Excepciones ibéricas

Los gobierenos de coalición no son monolíticos pero tampoco incoherentes; Catalunya no necesita ser inventada sino estar bien gobernada por partidos responsables. En la foto la coalición precipitada entre Pedro Sánchez y Pablo Iglesias.

Hay gobiernos de coalición en prácticamente toda Europa. Muchos han tardado meses en ser investidos. El ejemplo más reciente es el de Suecia­, donde la primera ministra socialdemócrata ha ganado las elecciones pero ha dimitido porque la mayoría parlamentaria está en manos de la derecha y la extrema derecha que ha sido la segunda fuerza más votada.

Los gobiernos de coalición en Alemania, los Países Bajos y Bélgica, por poner tres ejemplos, suelen tardar mucho tiempo en alcanzar un acuerdo, pero una vez investidos se atienden a los pactos y las diferencias se dirimen puertas adentro del Consejo de Ministros. Los gobiernos de coalición no son monolíticos pero tampoco incoherentes.

La ministra de Exteriores de Alemania, Annalena Baerbock, es de los Verdes y se atiene a los compromisos adquiridos sin que disienta en público del giro que ha dado el socialdemócrata Olaf Scholz en la política de seguridad y defensa desde que empezó la guerra de Ucrania.

La excepción ibérica es más singular. El Gobierno de Pedro Sánchez es más dual que de coalición. Sus divisiones se airean en declaraciones públicas antes y después de los consejos de ministros. La guerra de Ucrania es quizás el ejemplo más paradigmático. Los electores castigan a los partidos divididos pero también a los gobiernos contradictorios.

El caso del Govern de Catalunya es todavía más extraño porque las discrepancias llegan a ataques frontales y abiertos entre ERC y Junts, olvidándose de que la prioridad debería ser gobernar el país que tenemos al margen del país ideal que quisiéramos tener. Catalunya no necesita ser inventada sino estar bien gobernada por partidos responsables.

Se puede seguir así hasta el final de la legislatura sin que nadie dimita de nada a pesar de las discrepancias. Pero el electorado ya advierte que de lo que se trata es de conservar las cuotas de poder más que de resolver los problemas más perentorios de los ciudadanos en vísperas de entrar en el invierno del descontento.

Los gobiernos de coalición son imprescindibles cuando no hay mayorías absolutas.

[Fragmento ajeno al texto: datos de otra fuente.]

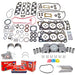 DNJ® Engine Master Rebuild Kits are made from premium materials, each tailored to its specific function. Pistons are made from cast aluminum. Piston rings are made from cast iron or steel, with moly or chrome facing. Bearings are constructed from tri-metal or bi-metal alloys. Gaskets are composed of multi-layer steel (MLS), graphite, or composite materials depending on the application. Freeze plugs are made from steel, brass, or stainless steel, and other materials. These carefully selected materials ensure long-lasting performance and reliable engine sealing throughout the life of the rebuild.

Pero es exigible que sean más responsables tanto en los discursos como en las acciones de gobierno. Las urnas no suelen perdonar las contradicciones.

Publicado en La Vanguardia el 23 de septiembre de 2022

  4 comentarios por “Excepciones ibéricas

  1. Estoy de acuerdo en todo lo que nos dice Lluis Foix.

    Punto y aparte, pienso que la Democracia, en lugar de unirnos para conseguir un fin común, necesario y beneficioso, para toda la sociedad humana, …. pues más bien nos divide y enfrenta lastimosamente.

    En cambio la dictadura con la Democracia orgánica, nos unía, más qie nos separaba,
    todalasociedad
    No estabamos unidos con la dictadura, pero actuabamos con la mente unida, para conseguir la democracia y la libertad.

    Ilusos de nosotros,.

  2. El Sr. Foix me ha dejado sin derecho a pataleo ninguno. Estoy totalmente de acuerdo con nuestro anfitrion.
    A todo esto el guaperas total va para presidir la internacional socialista i el noi de Pineda ara ens explicara com ha anat la cumbre sobre el clima i la campanya del top less.
    Aixo es un desgavell, un desproposit i una rampa cap a una temporada otoño-invierno que fa por nomes de pensaro.
    Bon cap de setmana
    Ah i el 1 de octubre a celebrar el primer quinqueni del 1 Oh! al mateix lloc on els de vox es van manifestar fa cuatre dies.

  3. Algú ho havia de dir…No ja un Govern, elsmembres ce qualsevol òrgan col·lectiu tenen dret a opiniar del que vulguin enel sí del propi òrgan, però, un cop aquest ha pres una decisió, tots estan obligats a respectar i a defensar els acords adoptats. Això també és democràcia.